On the morning we meet, Lewis is gearing up for a demonstration called “Worldwide Rally for Freedom: Mass Non-Compliance”. It’s the last anti-vaxx protest he’s going to attend – he can’t say forever, but certainly for now. He’s been nervous that far-right agitators will turn up and cause trouble, or that other activists within the anti-vaxx movement will make speeches in favour of white nationalism. When we get to St John’s Gardens, where around 1,000 people are massed, we notice an activist distributing leaflets advertising For Britain, a far-right party that campaigns for Muslim immigrants to be deported. A skinhead wearing camouflage trousers arrives carrying an England flag – Lewis clocks him as an old member of the BNP – and is hustled out of the protest.
If he stays involved in Merseyside Resistance, Lewis hopes that he will be able to steer it in a more moderate direction. He now calls himself vaccine hesitant - which loosely describes someone who isn’t necessarily against jabs but wants to delay getting this one. However, the activists I met from his group believed Covid jabs are being deliberately filled with toxic chemicals. Lewis introduced me to his friends gathering outside for the demonstration, who were thrilled at the large turnout. Matthew, a 51-year-old government worker, told me vaccines are “an attack on the whole of humanity”. Larry Reynolds, a 52-year-old entrepreneur, dismissed government guidance as “propaganda”. Krista, a 62-year-old natural therapist who practises something called vibrational healing, compared the national Covid response to the oppressive communist regime that her Hungarian father fled.

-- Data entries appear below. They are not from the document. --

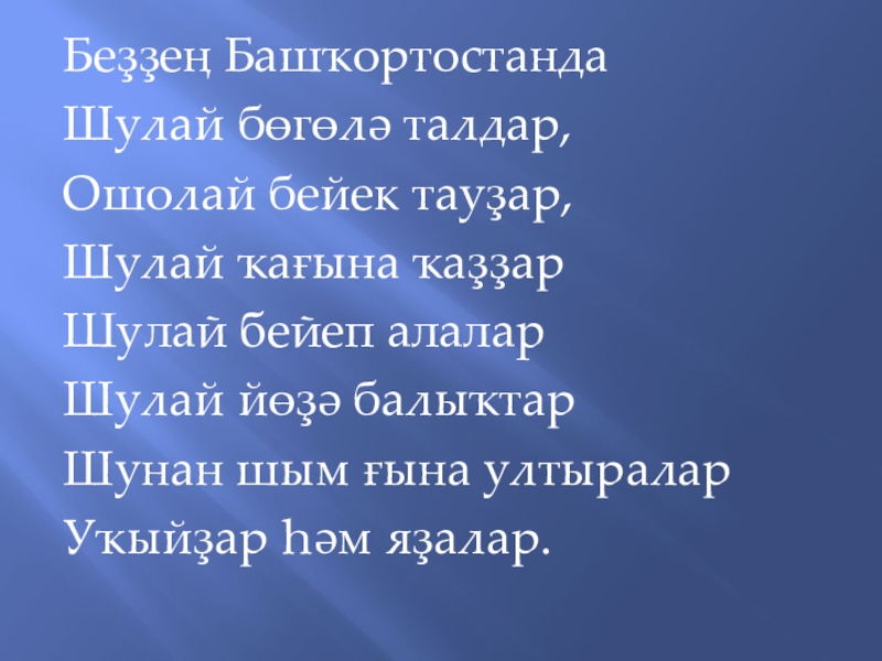 Ҙә-ҙә-ҙә- Беҙҙә данлы Урал бар.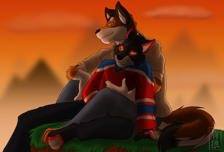 of him and his mate cuddling in the twilight hours watching the sun set.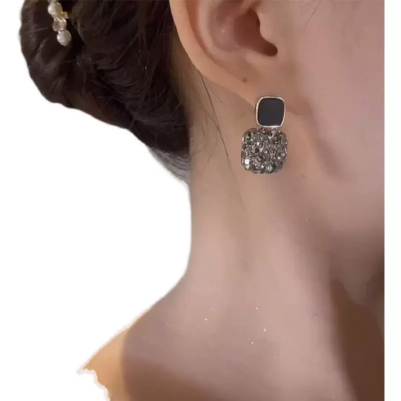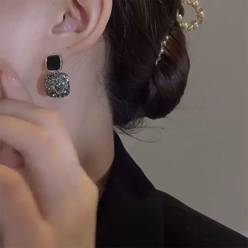 | nameOriginal | Rhinestone earrings 2024 new niche high-end earrings light luxury Internet celebrity earrings Korean temperament ear clip black earrings |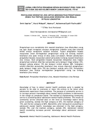 Dwin Seprian and Nurul Hidayah and Masmuri and Muhammad Syafri Fachruddin (2023) Penyuluhan kesehatan jiwa untuk meningkatkan pengetahuan orang tua tentang masalahan kesehatan jiwa remaja di pulau lemukutan. Jurnal Kreativitas Pengabdian kepada Masyarakat, 6 (1): 17. pp. 176-183. ISSN 2615-0921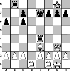 game notation in PGN-format [Event "dazwischen"] [Site "www.myChess.de"] [Date "2010.10.19"] [Round "1"] [White "Arijan"] [Black "Caligula"] [ECO "C46"] [WhitemyELO "1528"] [BlackmyELO "1375"] [Result "0-1"] [TimeControl "10/2592000"] [WhiteDays "00"] [BlackDays "59"] [MyChessNo "69183"] 1. e4 e5 2. Nf3 Nc6 3. Nc3 d6 4. d4 Bg4 5. Bb5 a6 6. Bxc6+ bxc6 7. dxe5 Bxf3 8. Qxf3 dxe5 9. Qg3 Nf6 10. Qxe5+ Be7 11. O-O O-O 12. Qg3 Bd6 13. e5 Bxe5 14. Qxe5 Re8 15. Qg3 Ne4 16. Nxe4 Rxe4 17. Be3 Qe7 18. Rad1 Rb8 0-1 position notation in FEN-format 1r4k1/2p1qppp/p1p5/8/4r3/4B1Q1/PPP1PPPP/3R1RK1 - - - 4 19 Captured white pieces: Captured black pieces: Click on a captured piece in order to display the desired move!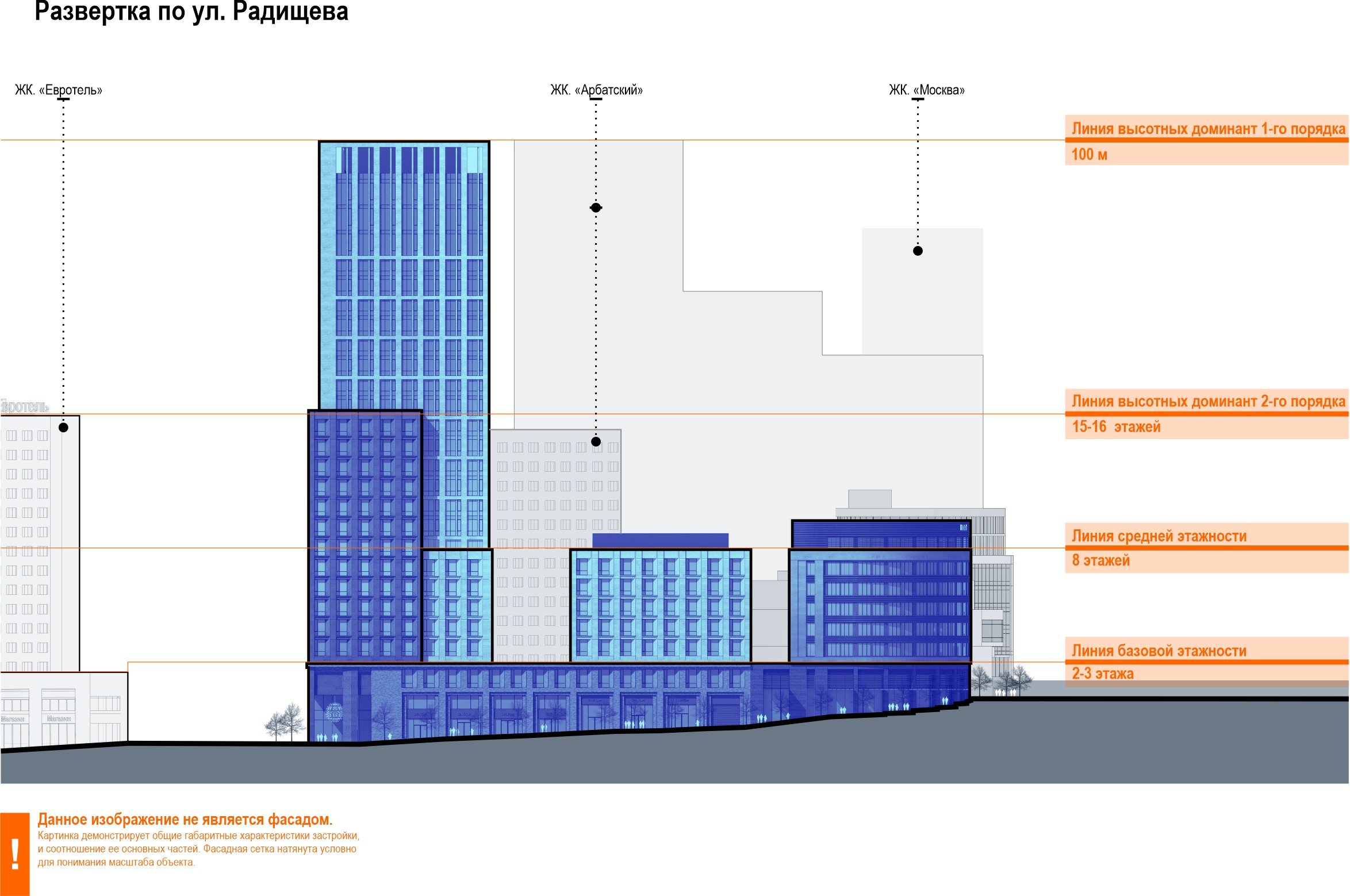 без разрывов, чтобы четко задать контур улицы. Трехэтажная база, соответствующая по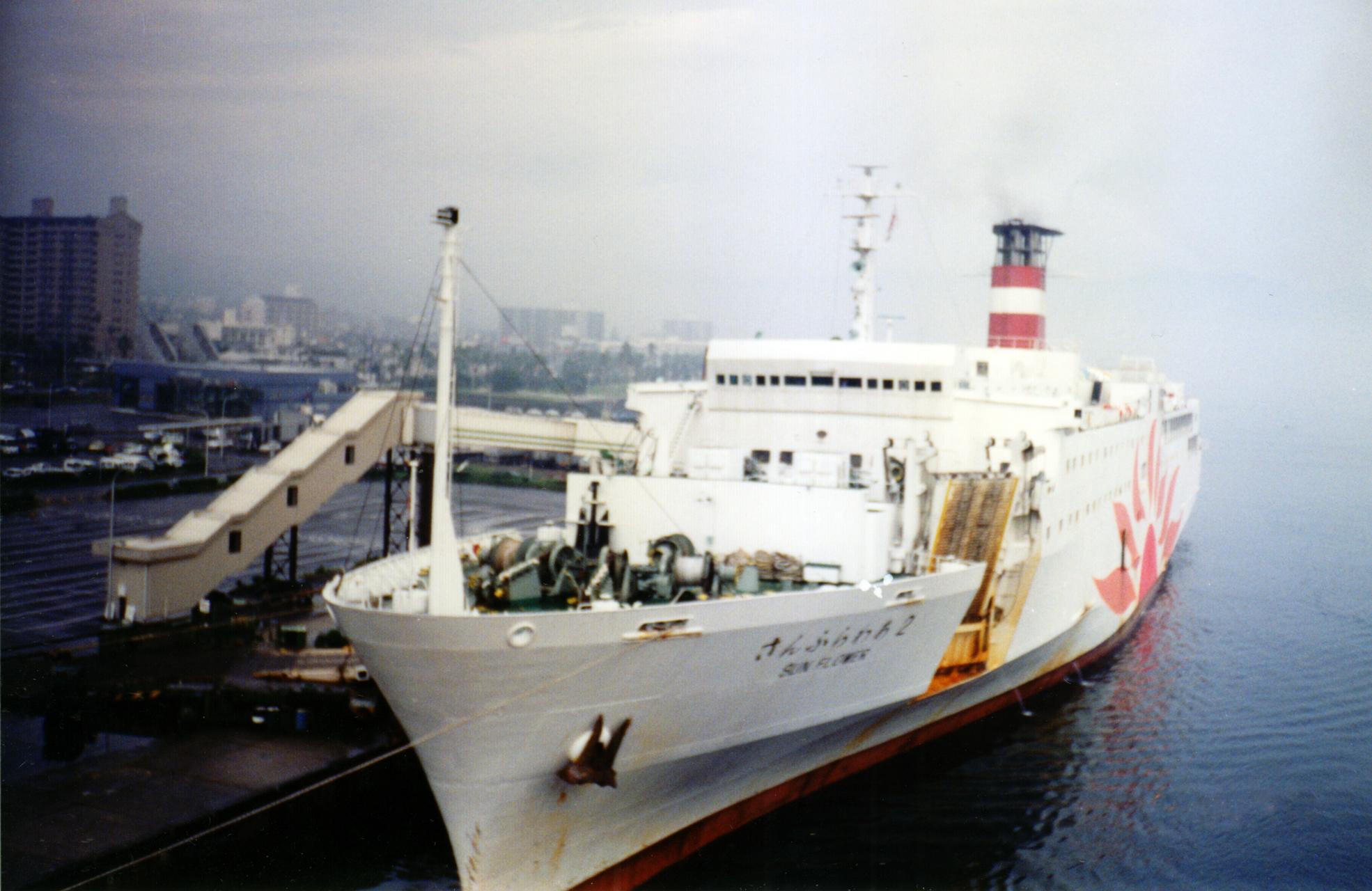 関西汽船株式会社 (Kansai Kisen Co., Ltd.) 運航。 Built: 1972, IMO: 7206469, MMSI: n/a Gross tonnage: 12,105t, Length: 185.0m, Beams: 24.0m |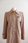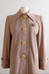 Vintage 1940's French Beige Wool Gabardine Swing Coat with Butterscotch Buttons/ M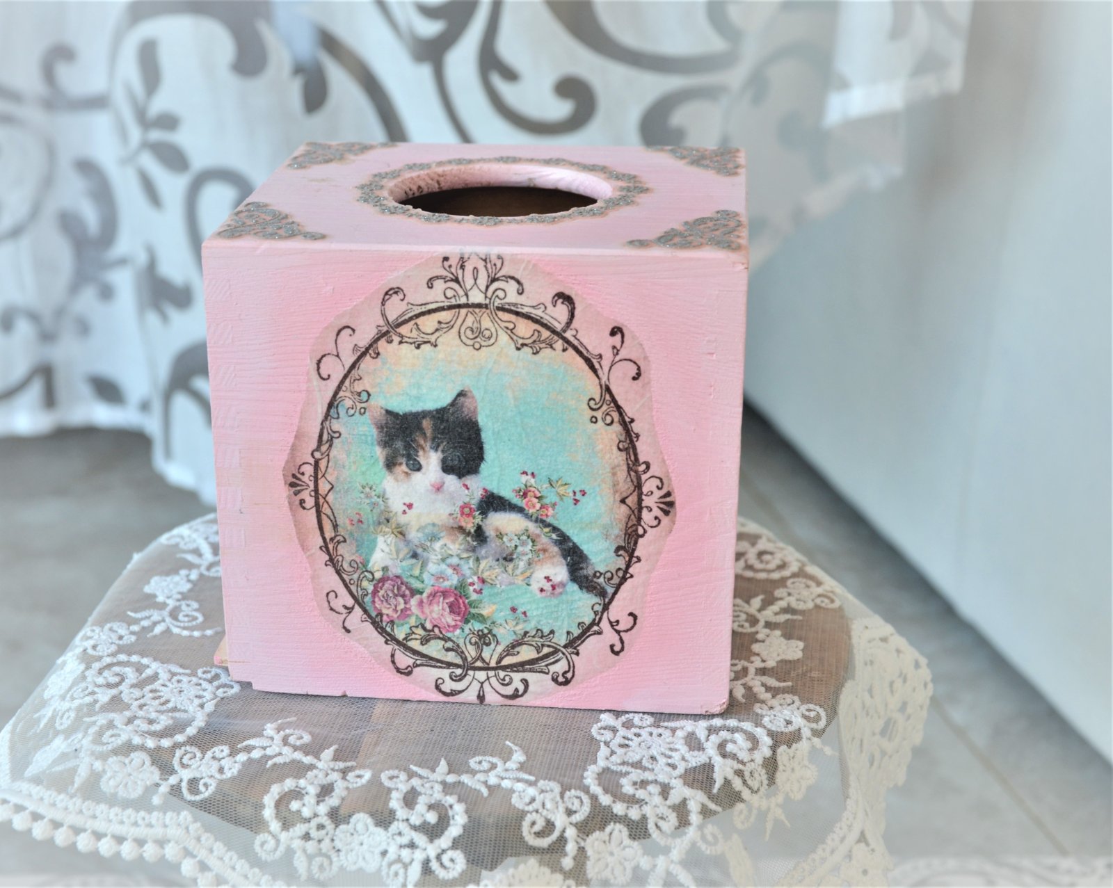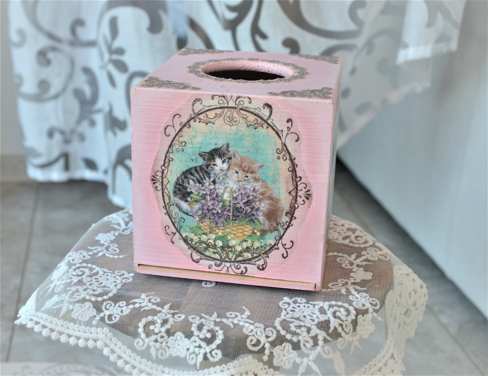 box je používaný,handmade-nevyrábala som ja!!!..vyrobené decopaque technikou,s mačičkovým vzorom,drevený,otvára sa zospodu-rozmer výška 13,5cm,šírka 13cm,môžu sa vyskytnúť malé chybičky krásy...kuk aj na iné moje inzeráty

Matthew, Larry, and Krista all beamed when discussing Merseyside Resistance and the community they found in each other. Krista called it “a family” and “a life saver” during the lockdowns that kept them isolated from their friends.
The social bonds that tie Merseyside Resistance together could make it hard for Lewis to leave. He says that the group has been helpful to him psychologically and that he enjoys spending time with its members. He now faces being stuck in a no-man’s-land. Because he’s not yet committed to getting jabbed, there will still be people who think he’s a misguided anti-vaxxer. And while he has friends outside the conspiracy world, if he quits Merseyside Resistance, he’ll lose the activist companions he speaks to every day.
The last we see of each other on the afternoon of the protest is on Castle Street. Hundreds of people are streaming past us chanting about resistance, defiance, and non-compliance. Whenever a car beeps its horn, the crowd cheers. If someone walks past wearing a face mask, the protesters shout at them to take it off. A QAnon sign flashes ahead, warning of a coming storm. We say goodbye, and Lewis rejoins the march as it heads to the docks. When we next speak, I ask if he would ever push the self-detonate button on Merseyside Resistance? “If it got out of hand,” he says. “If everyone got completely suckered into extremist views and they were willing to take action on those views and I couldn’t stop them.” He pauses. “But I don’t think that’s going to happen.”